If a woman does opt for HRT, how long should she stay on it? “All of the chronic effects we’re talking about—cancer risk, prevention of bone loss, prevention of cardiovascular disease—are duration-related,” says Ross. “We don’t know enough yet to say exactly where it balances out for each individual patient.”

Shoupe prefers to start patients with the lowest possible doses of the hormones and keep them on the therapy indefinitely. “If you over-interpret this study, if you just say ‘estrogen is bad,’ then you’re going to lose some of the big advantages of estrogen therapy,” says Shoupe. “I have these wonderful, healthy patients in their 70s, and they simply don’t get the estrogen-deficiency diseases. Estrogen in low doses is great at preventing things like bone loss, skin changes, urogenital atrophy, accelerated atherosclerosis and even dementia.”

Of course, Shoupe notes, that does not mean that she is unconcerned about the potential effects of HRT: She says she regularly monitors her patients, keeping an eye on their health via mammograms, bone scans and pelvic ultrasounds.

“I’m letting my patients make their decision on their own,” Shoupe says, “but I am trying to give them my take on the study, to give them an overview of what’s going on. I just really believe that low-dose estrogen is a very valuable tool for many menopausal and postmenopausal women. If the Women’s Health Initiative study has convinced me of anything, it convinced me to try using even lower doses of estrogen, to balance the effects of the hormones.”

Subir Roy, M.D., professor of obstetrics and gynecology at the Keck School, agrees that the NIH study really needs to be taken with a grain of salt. “The study had a rather arbitrary design,” he says. “For one thing, they used a single dose of HRT for all the women. Ob/GYNS don’t just give all women a standard dose of hormones—we treat the individual. In addition, the study was composed of women who are significantly older, rather than in recently menopausal women.”

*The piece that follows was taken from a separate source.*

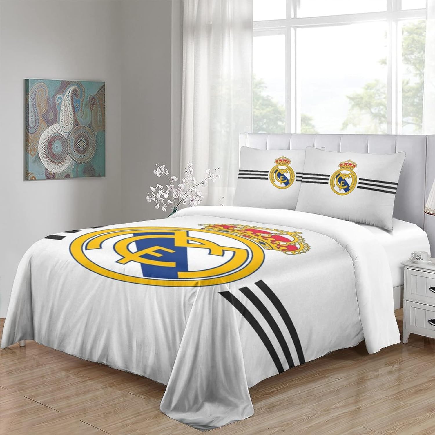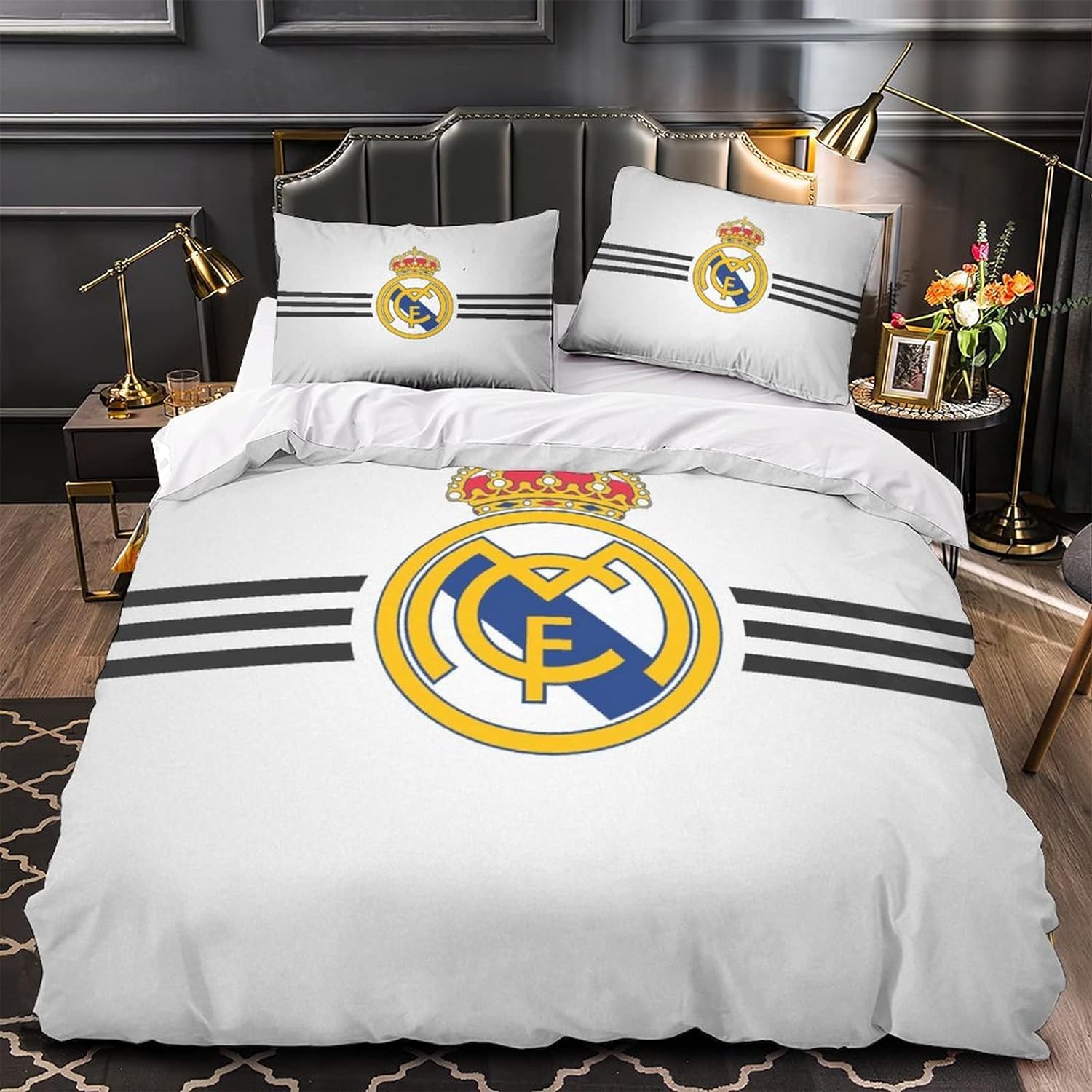 Cette parure de lit est spécialement destinée à vous qui est un passionné du Real Madrid, elle est iconique, arborant un blanc pur, elle apporte une touche d’élégance intemporelle à votre chambre à coucher.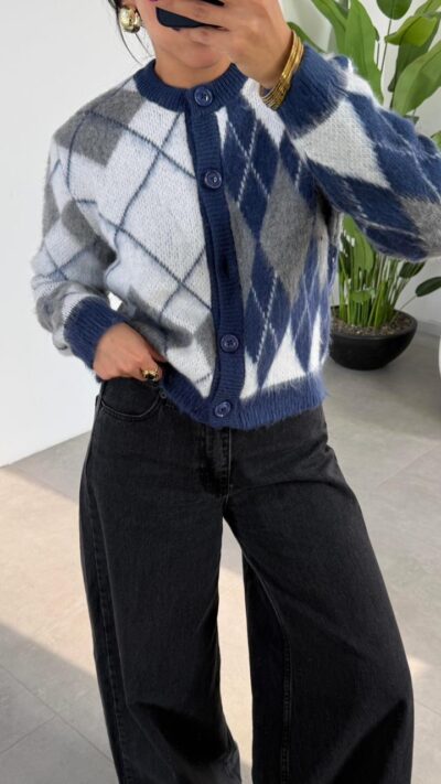 Navy Blue Polo Collar Buttoned Brand Model Buklet Cardigan

What is important to remember, Roy continues, is that HRT has a number of significant benefits—from protection against osteoporosis and dementia to a reduction in tooth loss, colon cancer and genitourinary complaints. In addition, he notes, HRT seems to increase a woman’s overall sense of well-being, and can—when taken via a skin patch—actually increase sex drive in some women. [See Benchmarks, page 32.]

“All these data really tell us is not to use a single, high dose of HRT blindly in older individuals,” Roy says. “And we already knew that.”

Still, notes Ross, the Women’s Health Initiative study—for all its limitations—focused attention on a number of important questions and raised issues about the safety and efficacy of various forms and preparations of hormone replacement therapy that will now be looked at carefully.

“For those of us who have spent a good part of our lives working on these issues,” Ross says, “we tend to think we know a lot about the risks of hormone replacement therapy, especially with regards to breast cancer. And we do know a lot. But the reality is, we’ll likely learn a whole lot more during the next decade or so. There’s always more to learn.”